Highlighted by Shedeur, one of the top quarterback prospects in the 2025 NFL Draft, and two-way sensation Travis Hunter, Colorado ranked in the top 30 nationally in pass efficiency (149.3) in 2023. But that’s about all that went right. The Buffs ranked last out of 133 FBS teams in rushing yards per attempt (2.31) and second-to-last in sacks allowed (56).

As for the defense — not great. They finished 115th in yards per play allowed (6.27).

After all the hype, the Buffs finished in the same place in the last-ever Pac-12 standings as they did the year before: alone in last place.

That’s the “glass half-empty” perspective.

But on Wednesday, Deion Sanders raved about the improvement he saw this spring at nearly every position group — particularly highlighting his largely remade staff. Speaking about DC Rob Livingston, formerly the Cincinnati Bengals’ secondary coach, Sanders said, “I feel like we’re going to kick butt, we’re going to win, and he’s going to be a head coach in college or pros or whatever he endeavors because he’s that good.”

On the defensive line, coached in part by former Nick Saban assistant Sal Sunseri since last season, the head coach raved about “the way these young men are working and the athletes that they are and the bodies that they have and they developed right now.” He called outside linebackers coach Vincent Dancy “one of the best coaches on the whole darn staff.”

The offense will again be led by former NFL head coach Pat Shurmur, who took over midseason last year when Sanders demoted Sean Lewis — now the head coach at San Diego State.

“(Shurmur) is pretty darn good as well.
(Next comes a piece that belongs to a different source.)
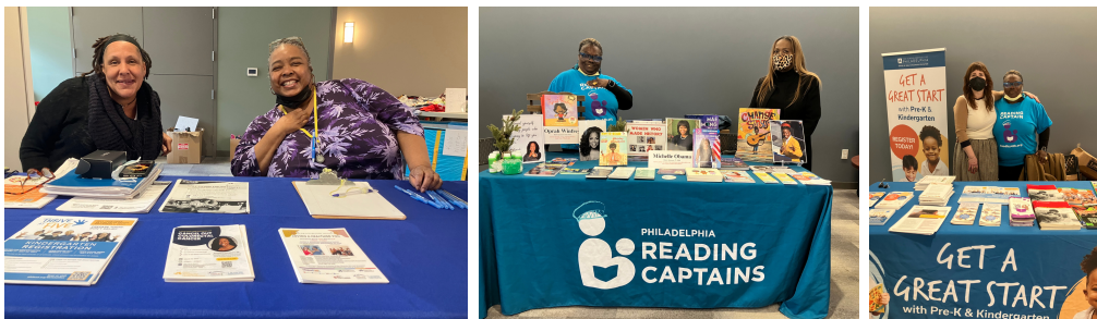
ACHIEVEability staff (left), West Philadelphia Reading Captains (center), and Philadelphia School District (right).

On March 15th, ACHa welcomed over 100 families to shop great goods, like diapers from Cradles to Crayons, pantry items from Keep it Real Ministry, and clothing from URBAN. The Philadelphia School District assisted parents in registering for early childhood education programs while West Philadelphia Reading Captains shared Women's History Month literature and learning resources. Neighbors attended weatherization workshops to reduce home energy bills, accessed utility grants, and received foreclosure prevention resources.

I mean really good,” said Sanders. “His compatibility and his relationship with Shedeur is amazing. And what they plan to do this season, I can’t wait to see it myself.”

Again: Glass half-full.

Take a closer look at that new staff, and one might notice that Livingston, who spent the past 12 seasons with the Bengals, has never been a play caller. His lone college experience was as an analyst at Furman and Vanderbilt. Or that Sunseri, 64, moved to an off-field role under Saban before Sanders came calling. Or that Sanders hired Dancy last year coming off a 10-38 stint as the head coach at Mississippi Valley State.
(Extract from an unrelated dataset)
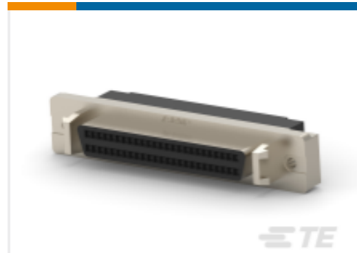
TE Part #749611-9 IDC D-Sub: Receptacle Assembly, Panel Mount, Signal, 1.27 mm

Or that the new O-line coach, former Oklahoma and NFL tackle Phil Loadholt, has never before held an on-field coaching role. He’s only charged with upgrading CU’s most visible weak spot from last season.

Again: Glass half-empty.

Deion did not shy away from hyperbole in talking about some of his players. He was aghast that Hunter did not receive the highest player score in the new EA Sports College Football 25 game (he was tied for second). He expressed excitement when a local reporter mentioned the Raiders might be eyeing Shedeur but said he also hoped they didn’t lose enough games to draft that high. He proclaimed safety-turned-linebacker Trevor Woods “is going to be the next Brian Urlacher,” and suggested defensive end B.J. Green could develop into a first-rounder.
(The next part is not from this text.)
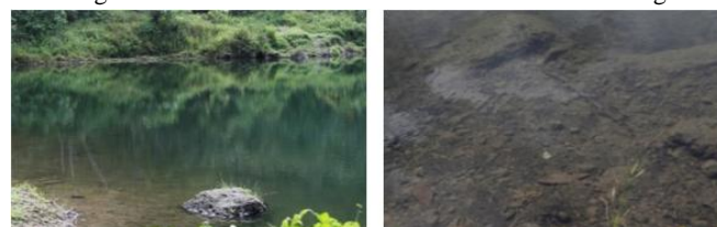
Figure 4 Cleanliness of Water and Environment of Wae Ela Lake

Cleanliness of water and environment is very important to support tourism activities. For nature tourism, Lake Wae Ela is very important to maintain the beauty and sustainability of its ecosystem. The cleanliness of the water in Lake Wae Ela is seen from the absence of pollution caused by domestic waste, industry, and other human activities. On the edge of the lake, the clarity of the lake water is visible, in addition there is no shallowing, and vandalism, such as graffiti or scribbles that can damage the aesthetic and ecological value of Lake Wae Ela. (Pangestu & Indrawati, 2021; Sidabutar & Hidayat, 2023; Syabina et al., 2024) that environmental cleanliness supported by minimal human influence is an important factor in the success of tourism and encourages tourist visits and increases satisfaction in traveling.

“We want four (picks) in the first round,” said Sanders. “The only way that’s going to happen is that we win and they’re dominant.”

But it won’t be a handful of high-end players that determine whether CU makes a big jump in 2024. It will come down to whether Sanders has been successful in upgrading the rest of the two-deep over the past two offseasons. The Buffs will once again trot out a lineup heavy on transfer portal pickups, though Sanders made it a point to mention that 13 high-school signees played as freshmen last season. And few players drew more praise from him than former walk-on running back Charlie Offerdahl.

With the massive hype that’s accompanied the Pro Football Hall of Famer since he took the job, “progress” won’t move the needle this season. Just reaching a bowl game would be a big step for any other Colorado coach, but this one was hired to make a much bigger splash — 10 wins, conference title contention, etc.

And with this almost certainly being the last year he has Shedeur and Hunter, it may feel like a make-or-break season already.

“I’m judged on a different scale,” said Sanders. “My wins are totally different than your wins.”

How many wins will he produce in 2024?

That depends if you take the glass half-full or glass half-empty perspective.